:: Data excerpts ::
******

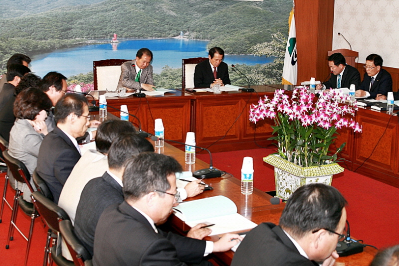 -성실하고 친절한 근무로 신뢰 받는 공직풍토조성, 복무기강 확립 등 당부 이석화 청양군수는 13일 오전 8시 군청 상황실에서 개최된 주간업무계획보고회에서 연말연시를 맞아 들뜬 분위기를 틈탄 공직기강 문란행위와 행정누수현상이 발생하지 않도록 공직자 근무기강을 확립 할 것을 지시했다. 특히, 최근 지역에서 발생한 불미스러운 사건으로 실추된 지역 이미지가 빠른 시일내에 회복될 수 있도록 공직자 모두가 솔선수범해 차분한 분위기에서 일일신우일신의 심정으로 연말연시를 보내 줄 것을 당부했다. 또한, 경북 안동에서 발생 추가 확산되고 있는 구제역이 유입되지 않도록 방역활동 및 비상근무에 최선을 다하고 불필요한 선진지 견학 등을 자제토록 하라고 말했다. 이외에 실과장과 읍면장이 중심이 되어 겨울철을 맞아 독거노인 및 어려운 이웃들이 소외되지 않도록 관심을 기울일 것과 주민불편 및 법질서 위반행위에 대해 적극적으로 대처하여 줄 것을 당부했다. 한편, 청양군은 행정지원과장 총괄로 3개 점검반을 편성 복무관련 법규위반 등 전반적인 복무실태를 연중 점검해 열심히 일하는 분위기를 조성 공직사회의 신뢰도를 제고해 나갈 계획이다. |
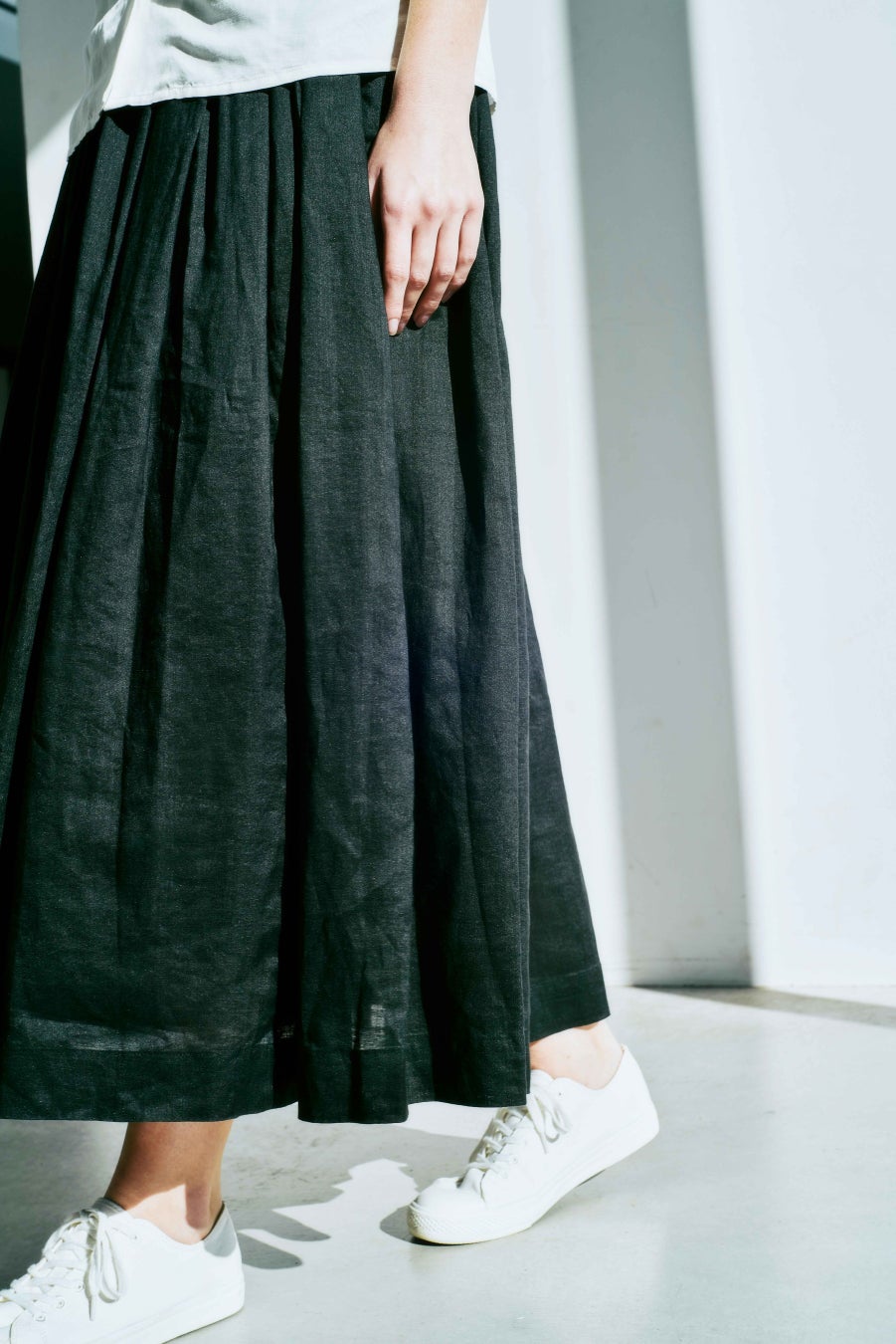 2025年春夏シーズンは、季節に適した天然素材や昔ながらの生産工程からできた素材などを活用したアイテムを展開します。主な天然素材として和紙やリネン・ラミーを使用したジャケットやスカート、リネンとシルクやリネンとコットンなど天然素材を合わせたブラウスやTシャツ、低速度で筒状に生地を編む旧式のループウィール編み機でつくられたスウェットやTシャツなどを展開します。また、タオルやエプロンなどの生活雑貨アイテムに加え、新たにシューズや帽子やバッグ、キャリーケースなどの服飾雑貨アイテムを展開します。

******

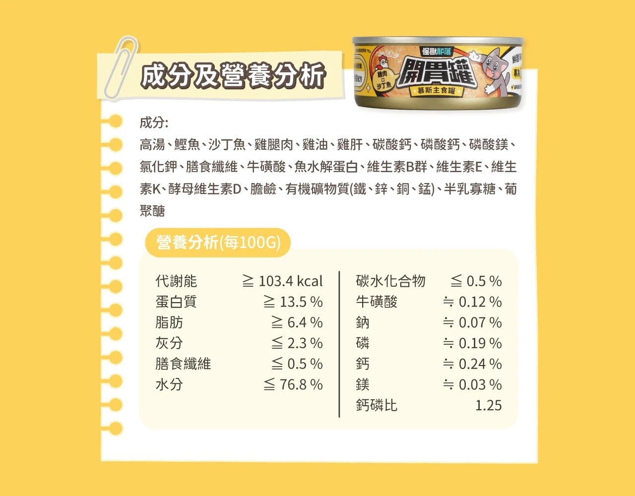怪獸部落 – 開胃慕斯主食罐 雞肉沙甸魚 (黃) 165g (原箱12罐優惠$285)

******

:: How to complete this task ::
Both boundary lines included, write out word for word only the lines above from the one containing "-성실하고 친절한 근무로" to the one containing "2025年春夏シーズンは、季", leaving out any pictures.

:: Answer box ::
 -성실하고 친절한 근무로 신뢰 받는 공직풍토조성, 복무기강 확립 등 당부 이석화 청양군수는 13일 오전 8시 군청 상황실에서 개최된 주간업무계획보고회에서 연말연시를 맞아 들뜬 분위기를 틈탄 공직기강 문란행위와 행정누수현상이 발생하지 않도록 공직자 근무기강을 확립 할 것을 지시했다. 특히, 최근 지역에서 발생한 불미스러운 사건으로 실추된 지역 이미지가 빠른 시일내에 회복될 수 있도록 공직자 모두가 솔선수범해 차분한 분위기에서 일일신우일신의 심정으로 연말연시를 보내 줄 것을 당부했다. 또한, 경북 안동에서 발생 추가 확산되고 있는 구제역이 유입되지 않도록 방역활동 및 비상근무에 최선을 다하고 불필요한 선진지 견학 등을 자제토록 하라고 말했다. 이외에 실과장과 읍면장이 중심이 되어 겨울철을 맞아 독거노인 및 어려운 이웃들이 소외되지 않도록 관심을 기울일 것과 주민불편 및 법질서 위반행위에 대해 적극적으로 대처하여 줄 것을 당부했다. 한편, 청양군은 행정지원과장 총괄로 3개 점검반을 편성 복무관련 법규위반 등 전반적인 복무실태를 연중 점검해 열심히 일하는 분위기를 조성 공직사회의 신뢰도를 제고해 나갈 계획이다. |
 2025年春夏シーズンは、季節に適した天然素材や昔ながらの生産工程からできた素材などを活用したアイテムを展開します。主な天然素材として和紙やリネン・ラミーを使用したジャケットやスカート、リネンとシルクやリネンとコットンなど天然素材を合わせたブラウスやTシャツ、低速度で筒状に生地を編む旧式のループウィール編み機でつくられたスウェットやTシャツなどを展開します。また、タオルやエプロンなどの生活雑貨アイテムに加え、新たにシューズや帽子やバッグ、キャリーケースなどの服飾雑貨アイテムを展開します。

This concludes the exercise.